▶ [Aim of the task]:
Keeping every word the same, give again only the lines from the one with "Την Κυριακή, εκατοντάδες" through the end of the data, both included, and leave every picture out.

▶ [Input for this task]:
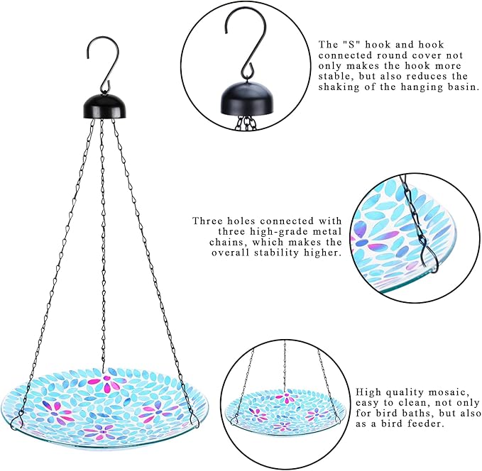 - Easy To Use & Clean: Simply fill the mosaic bowl with water or food, and hang it outdoors to attract birds to enjoy. The mosaic birdbath is easy to clean and store, making it a convenient addition to your outdoor space
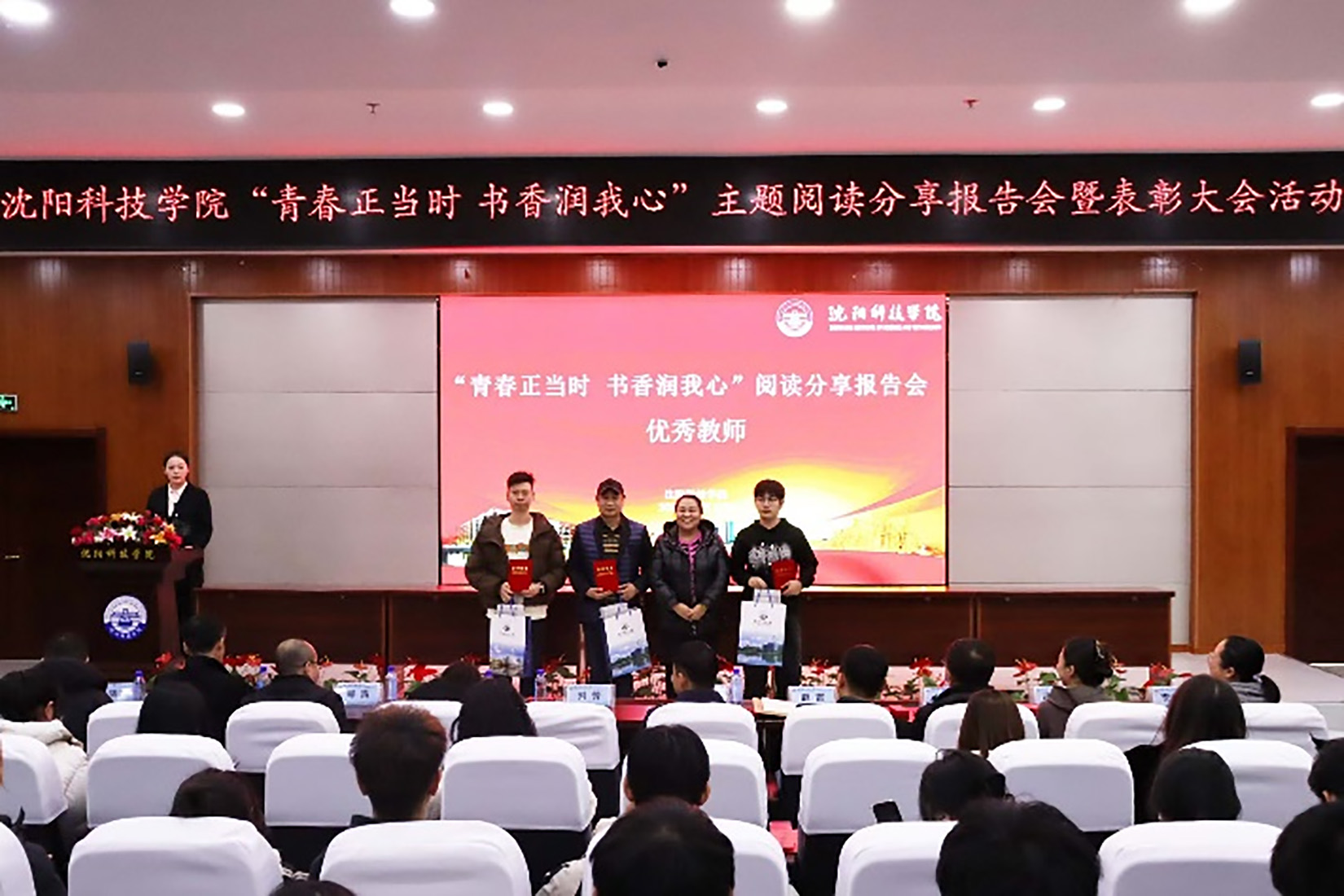 为深入学习贯彻习近平总书记关于全民阅读工作的重要指示精神,进一步激发全校师生的阅读兴趣,鼓励全校师生广泛阅读,在全校形成爱读书、读好书、善读书的浓厚氛围。12月18日,由学生处、校团委、图书馆主办,马克思主义学院、信息与控制工程系承办的“青春正当时 书香润我心”阅读分享报告会暨表彰活动在图书馆报告厅举行。
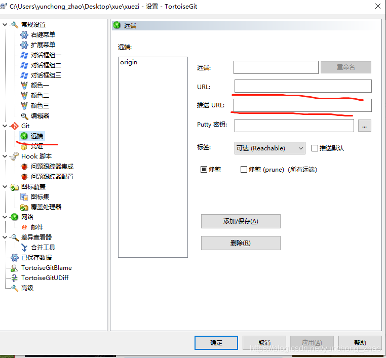 推到远程呢 远端就是 origin 把你clone的项目地址复制一份到这个下面
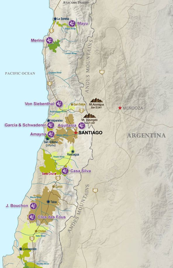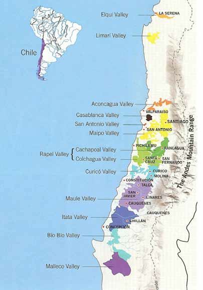 Chilean wine regions are organized by valleys as shown in the map below.
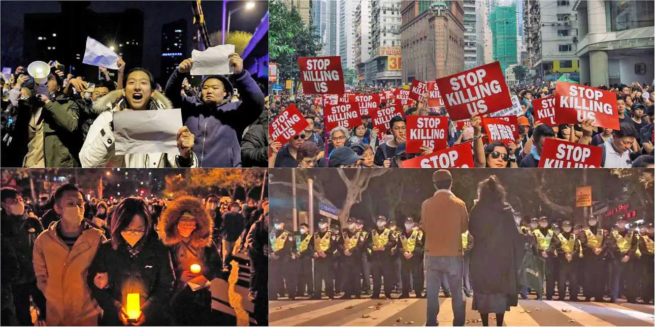 Την Κυριακή, εκατοντάδες φοιτητές συγκεντρώθηκαν στην πανεπιστημιούπολη του Πανεπιστημίου Τσιγκχουά, στο βορειοδυτικό Πεκίνο, όπου τους έχει απαγορευτεί σε μεγάλο βαθμό να φύγουν εδώ και εβδομάδες λόγω των περιορισμών για τον Covid. «Δημοκρατία και κράτος δικαίου. Ελευθερία έκφρασης», φώναζε το πλήθος.
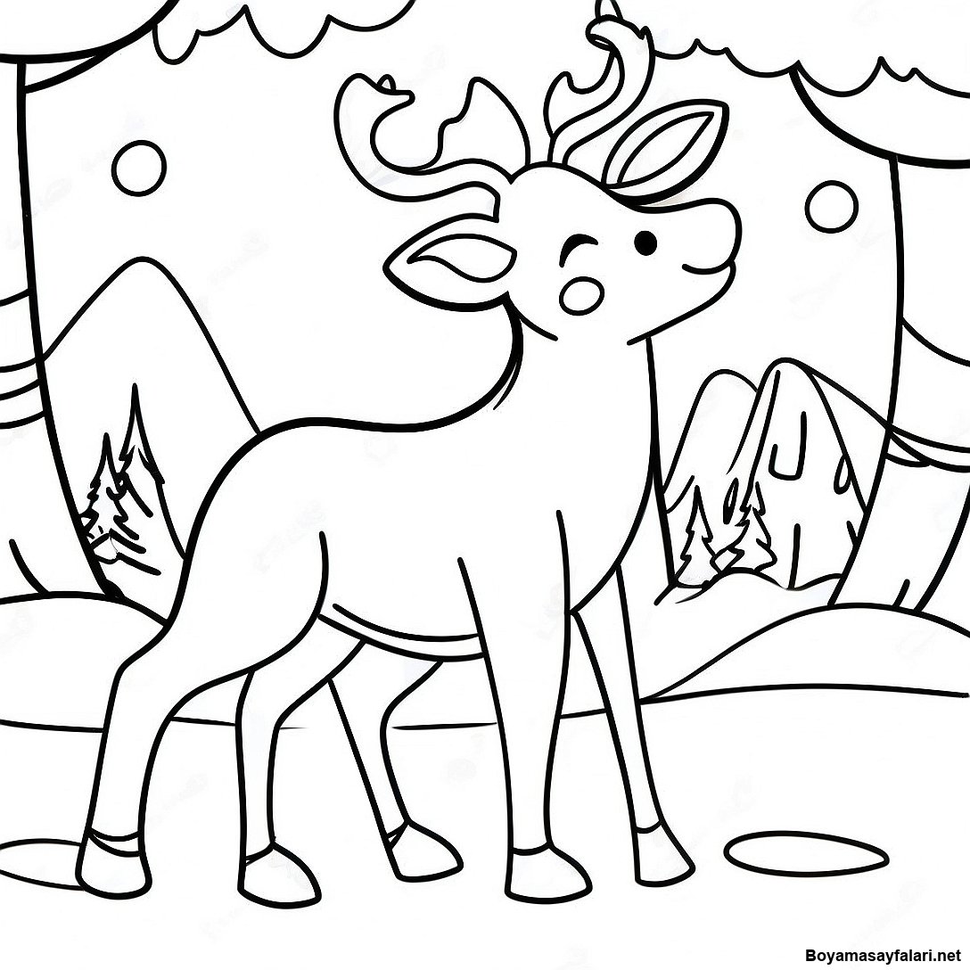 Kar Icinde Oynak Ren Geyigi Boyama Sayfasi
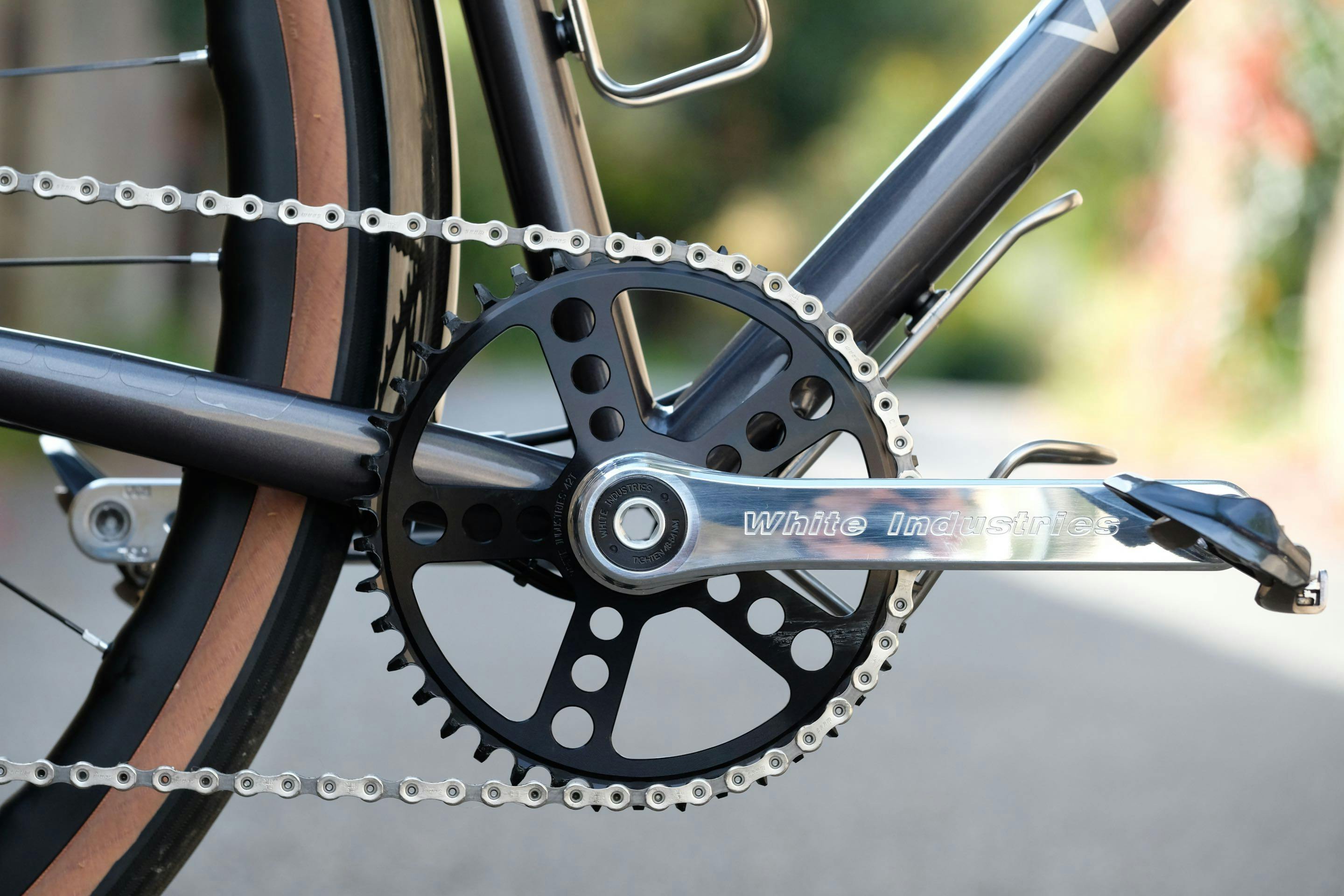 Le pédalier du Victoire n°490 est un White Industries, fabriqué en Californie. Il est monté avec un plateau de 42 dents du même fabricant.

▶ [Answer to the exercise]:
 Την Κυριακή, εκατοντάδες φοιτητές συγκεντρώθηκαν στην πανεπιστημιούπολη του Πανεπιστημίου Τσιγκχουά, στο βορειοδυτικό Πεκίνο, όπου τους έχει απαγορευτεί σε μεγάλο βαθμό να φύγουν εδώ και εβδομάδες λόγω των περιορισμών για τον Covid. «Δημοκρατία και κράτος δικαίου. Ελευθερία έκφρασης», φώναζε το πλήθος.
 Kar Icinde Oynak Ren Geyigi Boyama Sayfasi
 Le pédalier du Victoire n°490 est un White Industries, fabriqué en Californie. Il est monté avec un plateau de 42 dents du même fabricant.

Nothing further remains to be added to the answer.